Member of parliament for Mpraeso constituency
- In office 7 January 1993 – 7 January 1997
- President: Jerry John Rawlings
- Succeeded by: Francis Osafo Mensah

Personal details
- Born: 7 July 1939 (age 86)
- Party: National Democratic Congress
- Alma mater: Wesley College
- Occupation: Politician
- Profession: Educator

= Gilman Appiah Kwaku =

Ghanaian politician

Gilman Appiah Kwaku (born 7 July 1939) is a Ghanaian politician and a teacher. He served as member of the first parliament of the fourth republic of Ghana for Mpraeso constituency in the Eastern Region of Ghana.

== Early life and education ==
Gilman Appiah Kwaku was born on July 7, 1939. He attended Wesley College and obtained his Geography Specialist Certificate in Geography.

== Politics ==
Kwaku was elected during the 1992 Ghanaian parliamentary election as member of the first parliament of the fourth republic of Ghana on the ticket of the National Democratic Congress. He lost the seat in 1996 Ghanaian general election to Francis Osafo Mensah of the New Patriotic Party who won with 14,906 votes making 41% of the total votes cast that year.

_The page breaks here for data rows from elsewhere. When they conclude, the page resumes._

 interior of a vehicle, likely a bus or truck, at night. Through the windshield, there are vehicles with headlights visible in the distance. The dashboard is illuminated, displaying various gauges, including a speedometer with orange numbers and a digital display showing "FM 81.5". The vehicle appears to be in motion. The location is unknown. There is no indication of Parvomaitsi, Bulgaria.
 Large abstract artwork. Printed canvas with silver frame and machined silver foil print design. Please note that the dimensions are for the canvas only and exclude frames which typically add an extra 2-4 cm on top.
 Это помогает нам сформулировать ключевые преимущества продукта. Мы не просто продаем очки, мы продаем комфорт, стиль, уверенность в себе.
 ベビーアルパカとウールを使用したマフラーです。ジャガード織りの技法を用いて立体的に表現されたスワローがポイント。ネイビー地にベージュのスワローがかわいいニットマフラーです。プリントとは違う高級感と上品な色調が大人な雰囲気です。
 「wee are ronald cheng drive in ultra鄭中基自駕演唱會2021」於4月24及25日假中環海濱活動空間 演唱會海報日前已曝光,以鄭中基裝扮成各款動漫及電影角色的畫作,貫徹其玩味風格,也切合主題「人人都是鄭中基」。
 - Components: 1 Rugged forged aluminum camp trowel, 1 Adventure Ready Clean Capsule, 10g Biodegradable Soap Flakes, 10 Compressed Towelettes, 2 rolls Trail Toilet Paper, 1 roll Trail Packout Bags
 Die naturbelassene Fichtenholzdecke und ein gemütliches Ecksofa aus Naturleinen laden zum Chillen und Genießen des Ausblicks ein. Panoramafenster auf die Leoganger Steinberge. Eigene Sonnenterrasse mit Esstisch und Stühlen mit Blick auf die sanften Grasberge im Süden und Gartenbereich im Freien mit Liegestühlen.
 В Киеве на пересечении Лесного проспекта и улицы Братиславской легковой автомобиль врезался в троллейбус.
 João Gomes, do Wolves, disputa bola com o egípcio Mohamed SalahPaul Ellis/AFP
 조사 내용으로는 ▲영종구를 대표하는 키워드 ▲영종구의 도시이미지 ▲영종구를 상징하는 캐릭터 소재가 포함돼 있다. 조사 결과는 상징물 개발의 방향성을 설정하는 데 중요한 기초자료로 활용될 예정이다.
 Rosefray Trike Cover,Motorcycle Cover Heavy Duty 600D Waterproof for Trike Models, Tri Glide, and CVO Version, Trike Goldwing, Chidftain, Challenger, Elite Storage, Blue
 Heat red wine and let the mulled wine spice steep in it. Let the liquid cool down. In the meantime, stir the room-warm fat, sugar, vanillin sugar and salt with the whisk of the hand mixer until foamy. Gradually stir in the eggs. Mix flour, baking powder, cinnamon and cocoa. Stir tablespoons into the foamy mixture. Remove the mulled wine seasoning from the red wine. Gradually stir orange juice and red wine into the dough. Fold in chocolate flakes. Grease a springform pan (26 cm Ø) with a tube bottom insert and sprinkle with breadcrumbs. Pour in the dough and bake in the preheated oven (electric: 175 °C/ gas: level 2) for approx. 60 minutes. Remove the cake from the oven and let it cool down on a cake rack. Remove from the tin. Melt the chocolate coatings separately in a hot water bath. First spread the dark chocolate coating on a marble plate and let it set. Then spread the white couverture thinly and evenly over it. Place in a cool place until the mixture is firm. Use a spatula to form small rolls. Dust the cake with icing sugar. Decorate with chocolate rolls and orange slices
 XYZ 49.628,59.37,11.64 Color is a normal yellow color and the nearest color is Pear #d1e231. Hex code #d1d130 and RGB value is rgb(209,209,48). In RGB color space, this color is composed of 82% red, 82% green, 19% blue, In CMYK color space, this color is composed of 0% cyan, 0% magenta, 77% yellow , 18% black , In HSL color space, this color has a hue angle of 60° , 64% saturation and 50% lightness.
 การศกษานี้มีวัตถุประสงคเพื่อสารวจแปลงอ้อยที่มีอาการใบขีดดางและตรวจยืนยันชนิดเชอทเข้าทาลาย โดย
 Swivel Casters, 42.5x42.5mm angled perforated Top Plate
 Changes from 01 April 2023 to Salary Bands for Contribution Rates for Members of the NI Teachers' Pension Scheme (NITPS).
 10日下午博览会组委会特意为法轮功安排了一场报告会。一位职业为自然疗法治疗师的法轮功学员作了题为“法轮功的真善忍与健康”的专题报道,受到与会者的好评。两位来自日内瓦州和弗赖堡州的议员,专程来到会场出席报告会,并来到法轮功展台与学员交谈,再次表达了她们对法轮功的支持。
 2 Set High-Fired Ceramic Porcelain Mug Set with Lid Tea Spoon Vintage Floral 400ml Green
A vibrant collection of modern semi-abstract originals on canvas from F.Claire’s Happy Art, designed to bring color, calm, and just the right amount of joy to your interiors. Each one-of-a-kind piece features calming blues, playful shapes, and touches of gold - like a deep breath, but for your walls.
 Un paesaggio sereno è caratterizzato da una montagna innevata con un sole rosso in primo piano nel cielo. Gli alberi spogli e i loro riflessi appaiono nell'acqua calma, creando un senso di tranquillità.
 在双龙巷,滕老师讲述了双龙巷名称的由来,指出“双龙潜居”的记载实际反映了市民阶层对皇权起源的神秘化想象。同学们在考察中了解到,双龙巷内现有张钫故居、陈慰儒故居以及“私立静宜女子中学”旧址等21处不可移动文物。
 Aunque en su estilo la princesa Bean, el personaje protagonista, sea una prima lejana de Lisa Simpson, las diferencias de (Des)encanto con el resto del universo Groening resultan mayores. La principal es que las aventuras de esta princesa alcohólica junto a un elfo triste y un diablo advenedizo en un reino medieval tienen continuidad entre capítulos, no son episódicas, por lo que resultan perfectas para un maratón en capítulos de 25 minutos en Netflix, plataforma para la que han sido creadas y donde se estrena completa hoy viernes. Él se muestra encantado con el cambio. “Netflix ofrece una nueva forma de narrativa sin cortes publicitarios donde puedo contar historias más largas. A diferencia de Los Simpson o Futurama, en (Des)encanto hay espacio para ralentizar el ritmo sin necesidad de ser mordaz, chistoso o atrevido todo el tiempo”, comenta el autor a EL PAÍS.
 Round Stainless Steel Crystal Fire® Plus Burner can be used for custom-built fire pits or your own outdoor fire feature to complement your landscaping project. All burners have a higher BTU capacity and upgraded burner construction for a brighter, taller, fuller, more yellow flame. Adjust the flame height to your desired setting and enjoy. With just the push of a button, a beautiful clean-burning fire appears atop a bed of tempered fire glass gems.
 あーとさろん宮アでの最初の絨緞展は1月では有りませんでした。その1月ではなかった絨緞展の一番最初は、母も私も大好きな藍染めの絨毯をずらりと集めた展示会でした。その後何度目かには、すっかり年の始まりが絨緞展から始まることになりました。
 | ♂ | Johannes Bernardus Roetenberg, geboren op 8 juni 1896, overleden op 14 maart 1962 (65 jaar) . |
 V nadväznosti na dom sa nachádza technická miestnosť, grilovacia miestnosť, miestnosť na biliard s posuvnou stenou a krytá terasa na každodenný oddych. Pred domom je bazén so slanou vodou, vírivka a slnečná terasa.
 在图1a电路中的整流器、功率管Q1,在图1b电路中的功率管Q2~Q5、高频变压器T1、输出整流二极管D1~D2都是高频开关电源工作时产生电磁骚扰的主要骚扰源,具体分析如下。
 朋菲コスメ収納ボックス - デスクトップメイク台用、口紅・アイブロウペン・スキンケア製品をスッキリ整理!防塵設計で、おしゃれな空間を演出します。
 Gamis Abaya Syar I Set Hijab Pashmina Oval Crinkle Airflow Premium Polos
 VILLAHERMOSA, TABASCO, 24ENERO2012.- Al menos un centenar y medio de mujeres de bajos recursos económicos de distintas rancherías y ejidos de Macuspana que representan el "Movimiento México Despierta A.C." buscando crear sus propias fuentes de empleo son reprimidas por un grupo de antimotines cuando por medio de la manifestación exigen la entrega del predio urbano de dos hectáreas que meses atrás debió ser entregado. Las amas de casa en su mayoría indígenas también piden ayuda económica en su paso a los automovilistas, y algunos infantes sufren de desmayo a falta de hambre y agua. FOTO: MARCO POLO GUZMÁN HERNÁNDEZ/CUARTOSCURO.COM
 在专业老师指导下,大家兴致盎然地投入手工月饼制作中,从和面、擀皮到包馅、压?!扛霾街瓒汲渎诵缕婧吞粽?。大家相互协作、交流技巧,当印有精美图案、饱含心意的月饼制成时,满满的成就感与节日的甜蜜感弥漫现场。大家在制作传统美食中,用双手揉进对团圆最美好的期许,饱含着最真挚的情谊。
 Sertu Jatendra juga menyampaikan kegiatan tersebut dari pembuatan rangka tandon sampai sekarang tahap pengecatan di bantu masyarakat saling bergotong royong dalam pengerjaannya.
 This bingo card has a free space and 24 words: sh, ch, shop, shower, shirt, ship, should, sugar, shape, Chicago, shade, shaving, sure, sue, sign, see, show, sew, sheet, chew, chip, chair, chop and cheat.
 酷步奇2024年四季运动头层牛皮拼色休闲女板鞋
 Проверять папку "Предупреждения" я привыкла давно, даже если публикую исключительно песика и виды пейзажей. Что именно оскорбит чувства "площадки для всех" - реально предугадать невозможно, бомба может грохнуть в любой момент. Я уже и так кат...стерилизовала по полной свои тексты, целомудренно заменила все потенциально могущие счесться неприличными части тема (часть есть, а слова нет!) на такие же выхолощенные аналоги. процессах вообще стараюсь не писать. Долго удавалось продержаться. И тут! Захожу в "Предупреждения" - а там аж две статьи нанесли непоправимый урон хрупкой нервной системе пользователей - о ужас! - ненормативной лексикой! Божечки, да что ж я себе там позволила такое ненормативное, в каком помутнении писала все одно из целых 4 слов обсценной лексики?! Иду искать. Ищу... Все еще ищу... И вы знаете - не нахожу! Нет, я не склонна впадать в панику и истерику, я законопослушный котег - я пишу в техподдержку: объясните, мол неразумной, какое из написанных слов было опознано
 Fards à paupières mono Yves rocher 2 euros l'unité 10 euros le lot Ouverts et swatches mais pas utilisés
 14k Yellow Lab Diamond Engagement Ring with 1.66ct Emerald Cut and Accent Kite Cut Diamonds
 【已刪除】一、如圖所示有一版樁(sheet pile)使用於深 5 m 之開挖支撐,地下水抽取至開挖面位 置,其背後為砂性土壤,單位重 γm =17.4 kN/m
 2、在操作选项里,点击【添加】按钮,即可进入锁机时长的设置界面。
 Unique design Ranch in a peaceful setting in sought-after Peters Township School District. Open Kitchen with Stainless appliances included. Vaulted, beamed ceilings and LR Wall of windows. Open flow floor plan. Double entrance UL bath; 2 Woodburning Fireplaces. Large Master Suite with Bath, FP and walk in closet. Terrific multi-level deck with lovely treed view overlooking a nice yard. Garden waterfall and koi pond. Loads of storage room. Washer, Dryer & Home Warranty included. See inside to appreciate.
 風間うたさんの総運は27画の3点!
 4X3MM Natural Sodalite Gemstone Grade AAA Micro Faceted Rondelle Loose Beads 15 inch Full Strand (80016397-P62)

He defeated Mike Kwabena Sakyi-Akyeampo of the National Democratic Congress who polled 11,574 votes representing 32.60% of the share, Joseph Mensah of the National Convention Party(NCP) who polled 702 votes representing 2.00% of the share and Samuel Osafo Asante of the Convention People's Party (CPP) who polled 542 votes representing 1.50% of the share.

== Career ==
Kwaku is a former member of parliament of Mpraeso constituency from 7 January 1993 to 7 January 1997.

== Personal life ==
He is a Christian.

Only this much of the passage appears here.